Robert Swain, Untitled-8x10-3x16, 2021. Acrylic on aluminum panel, 96 x 120 inches. Copyright © Robert Swain. Courtesy David Richard Gallery. Photo: Yao Zu Lu.
Robert Swain: The Perception of Color
By Alfred Mac Adam
March 31, 2023
The study of color theory is a shortcut to madness. From Goethe’s 1810 Theory of Colours, to Manlio Brusatin’s 1983 Storia dei Colori, to Philip Ball’s 2001 Bright Earth: Art and the Invention of Color, philosophers, critics, and chemists have befuddled and dazzled us with explanations of what color is and how it interacts with our perceptual mechanisms. The problem with these explanations is that they are all verbal: until Josef Albers’s 1963 Interaction of Color, thinking about color was rather like trying to explain a sunset to a blind person.

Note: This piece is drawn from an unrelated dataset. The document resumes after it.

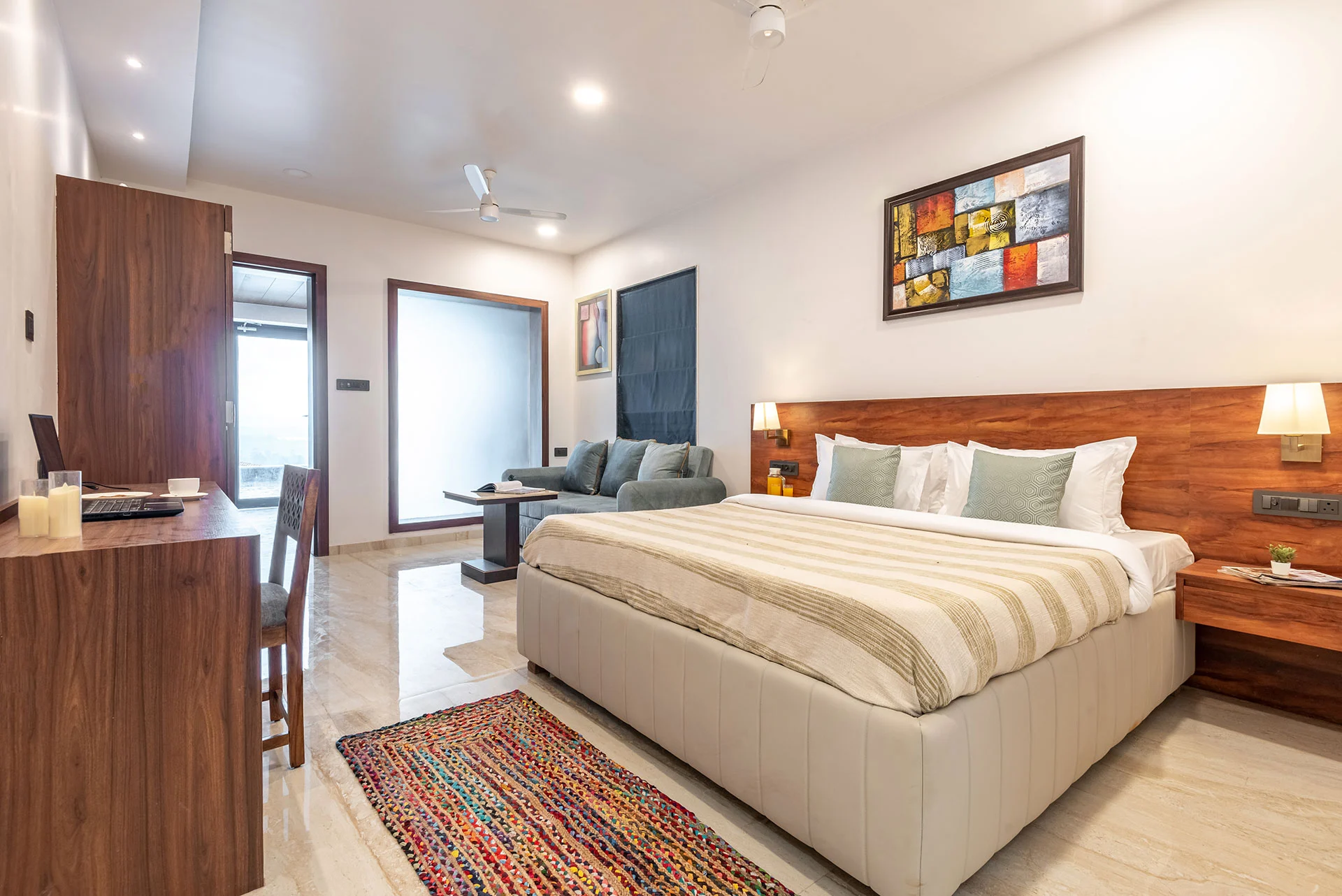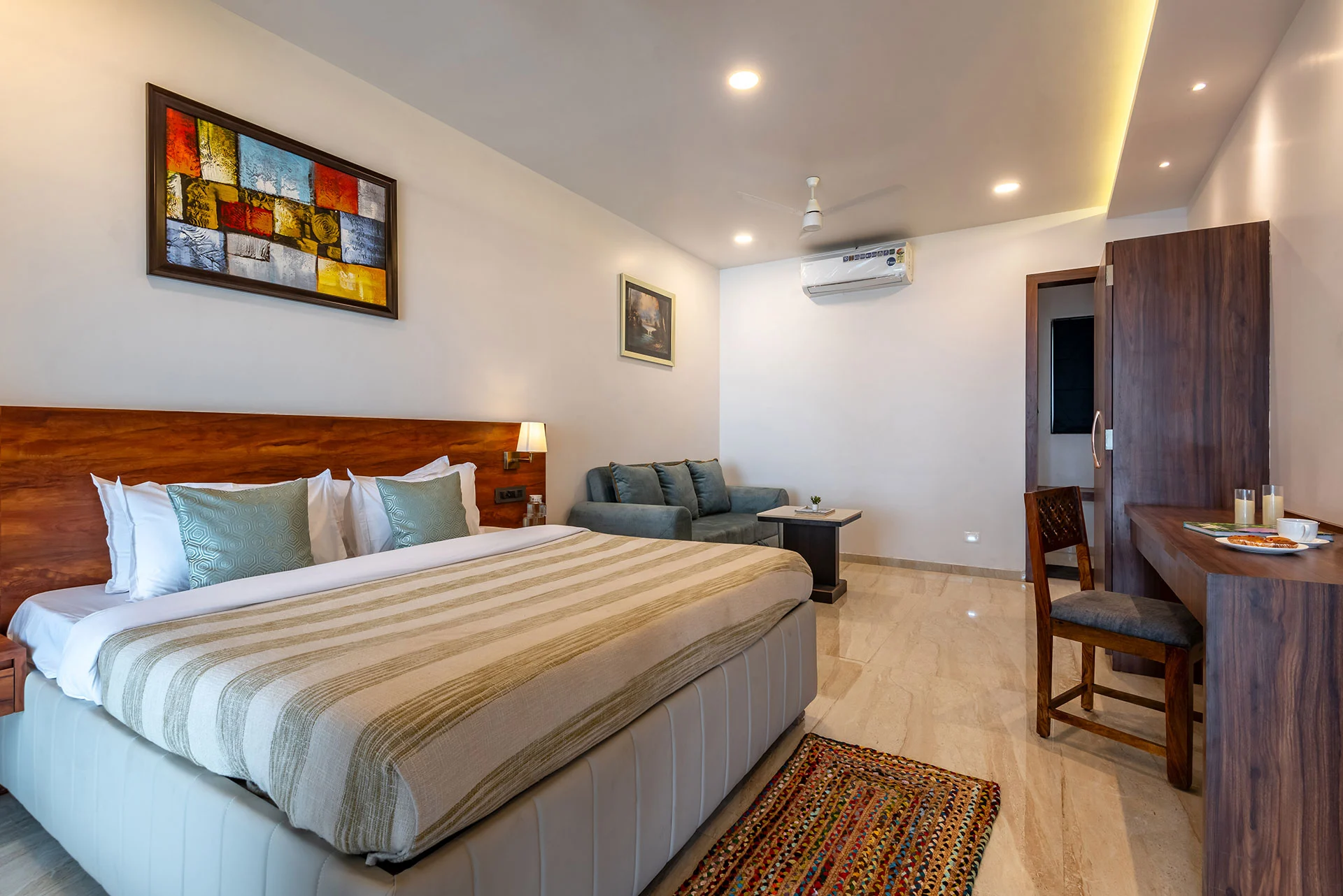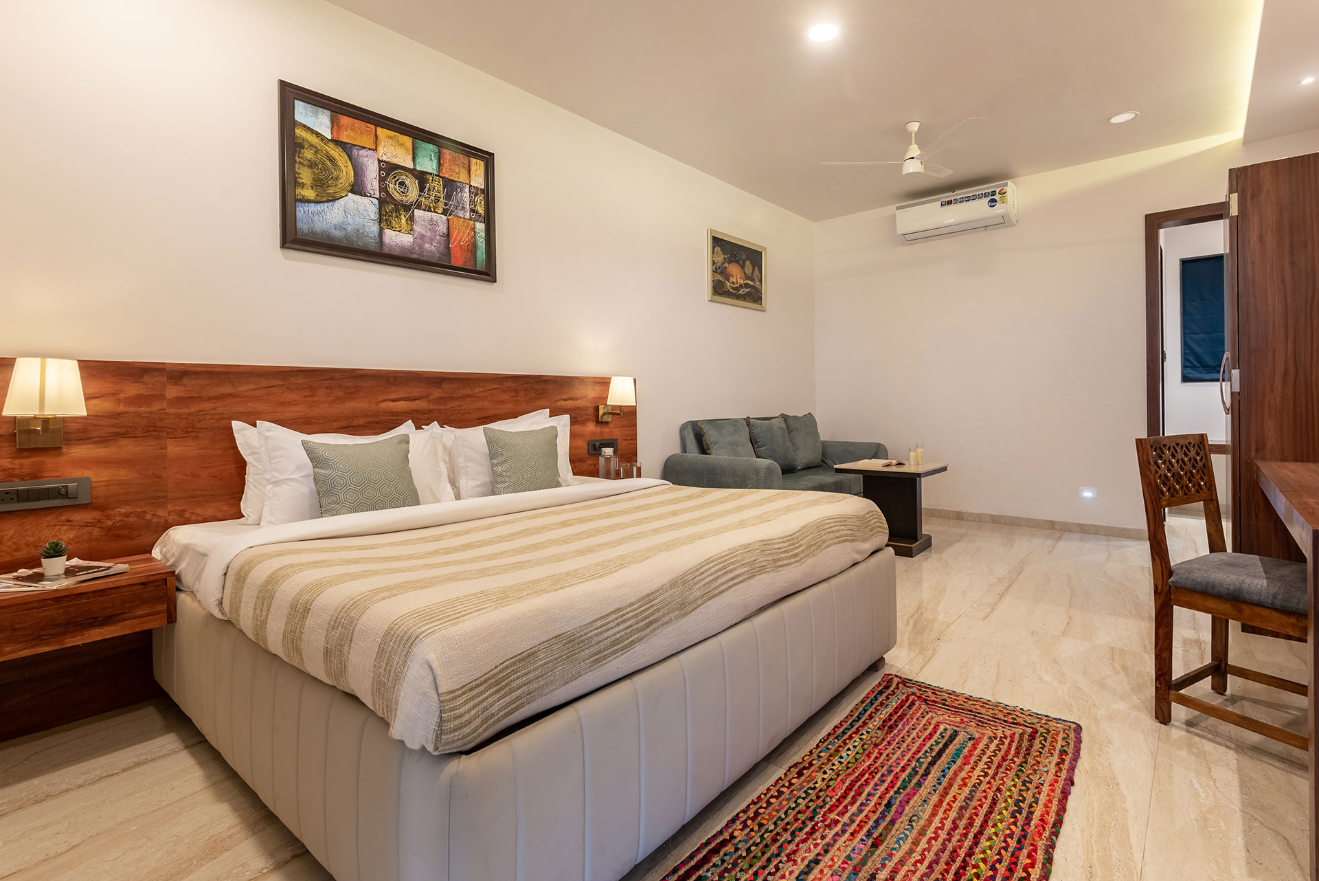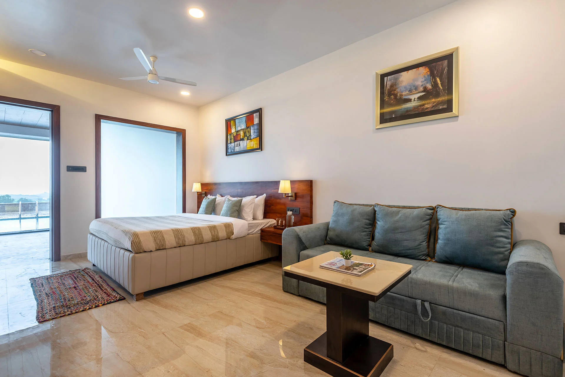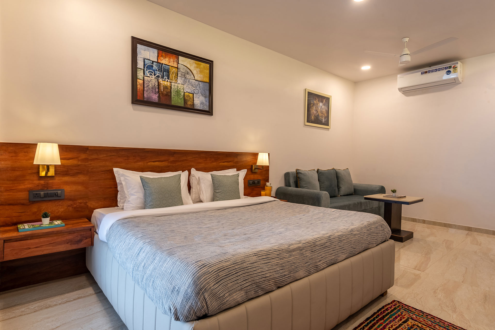 Includes a king-size bed, AC, and a sofa-cum bed.

The three painters gathered under the rubric of the Hunter Color School—Sanford Wurmfeld (b. 1942), Gabriele Evertz (b. 1945), and Robert Swain (b. 1940)—have all written extensively about color, the perception of color, and the manipulation of color. But their writings, like Albers’s, remind us of Byron’s gibe at the expense of Coleridge’s explanation of his philosophy: “I wish he would explain his Explanation.” Read their writings, by all means, but when the words cease to move you, look at the work—a far more rewarding experience. Robert Swain’s current exhibition The Perception of Color lets ten paintings (please excuse the mixed metaphor) do the talking, and their rhetoric makes a more convincing argument than any essay.

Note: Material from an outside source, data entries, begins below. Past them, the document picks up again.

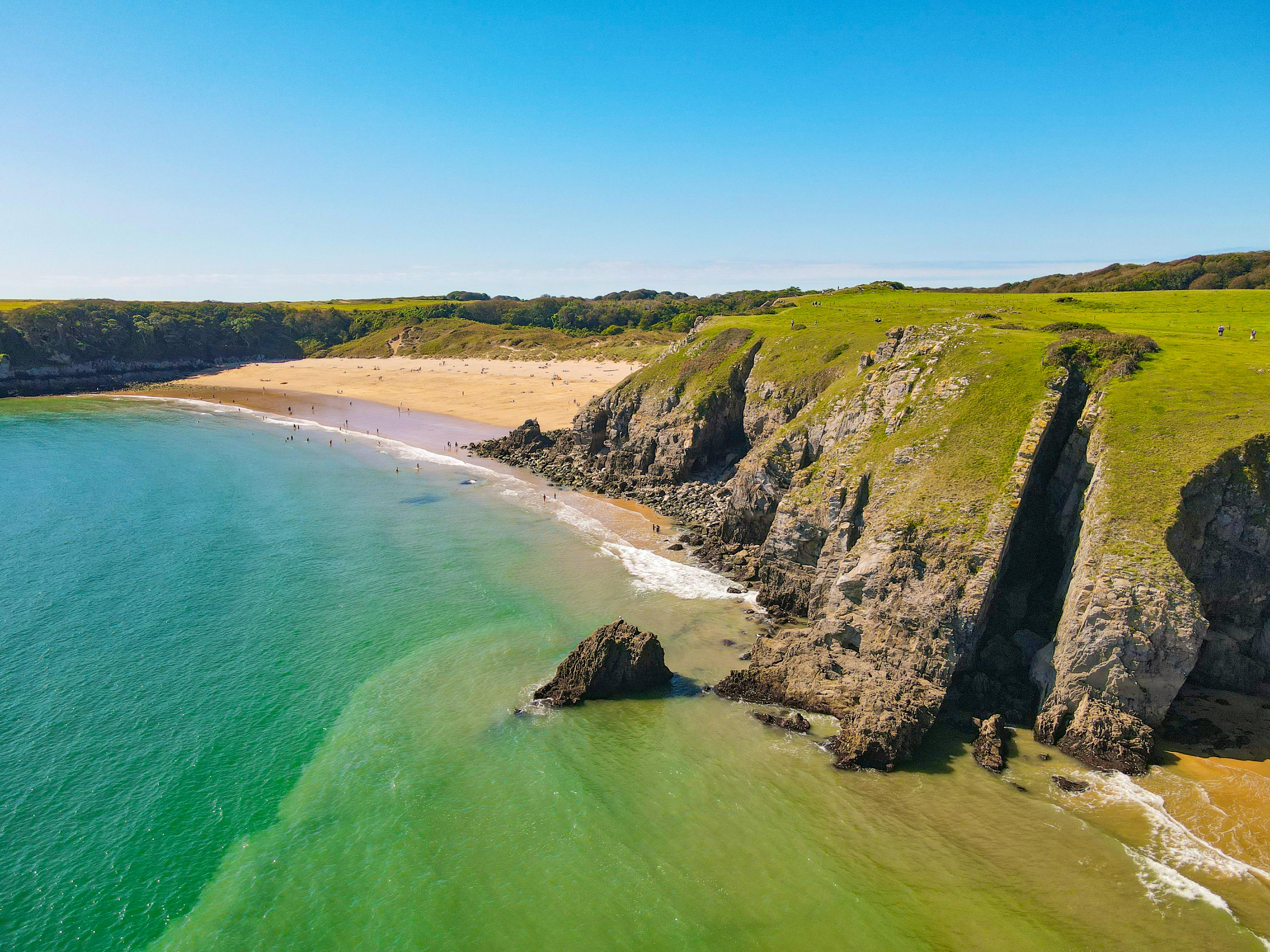 Barafundle Bay in Pembrokeshire is often named the most secluded Welsh beach. Accessible only by a half-mile walk along a cliff path, it rewards visitors with golden sand, turquoise waters, and peaceful surroundings. Its remote setting and lack of facilities make it a perfect choice for picnics and quiet escapes.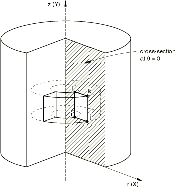 . Figure 27.1.2–2 shows an element of an axisymmetric body. The nodes i, j, k, and l are actually nodal “circles,” and the volume of material associated with the element is that of a body of revolution, as shown in the figure. The value of a prescribed nodal load or reaction force is the total value on the ring; that is, the value integrated around the circumference.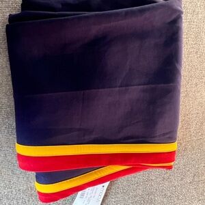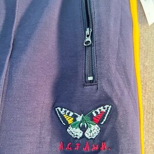Comfortable navy joggers featuring vibrant red and yellow side stripes. Ideal for everyday wear or workouts. Very plush

There is no room for the aleatory, for chance, in Swain’s practice. The ten paintings on view at David Richard Gallery are deployed as five pairs of identically-sized works: two sets of 48 by 48-inch acrylics on canvas, and three sets on aluminum, one measuring 96 by 120 inches and two at 72 by 72. The forty-eight-inch square pieces are composed of sixteen squares each, the larger rectangular works of eighty squares, and the seventy-two-inch square acrylics of thirty-six squares. There may be symbolism associated with the square—stability, the four cardinal directions gathered in harmony, or simply a memory of Albers’s homage to the square, but that seems all too reductive in the case of Swain. His squares are like building blocks, and it is not their geometry but the color he assigns to each that matters most.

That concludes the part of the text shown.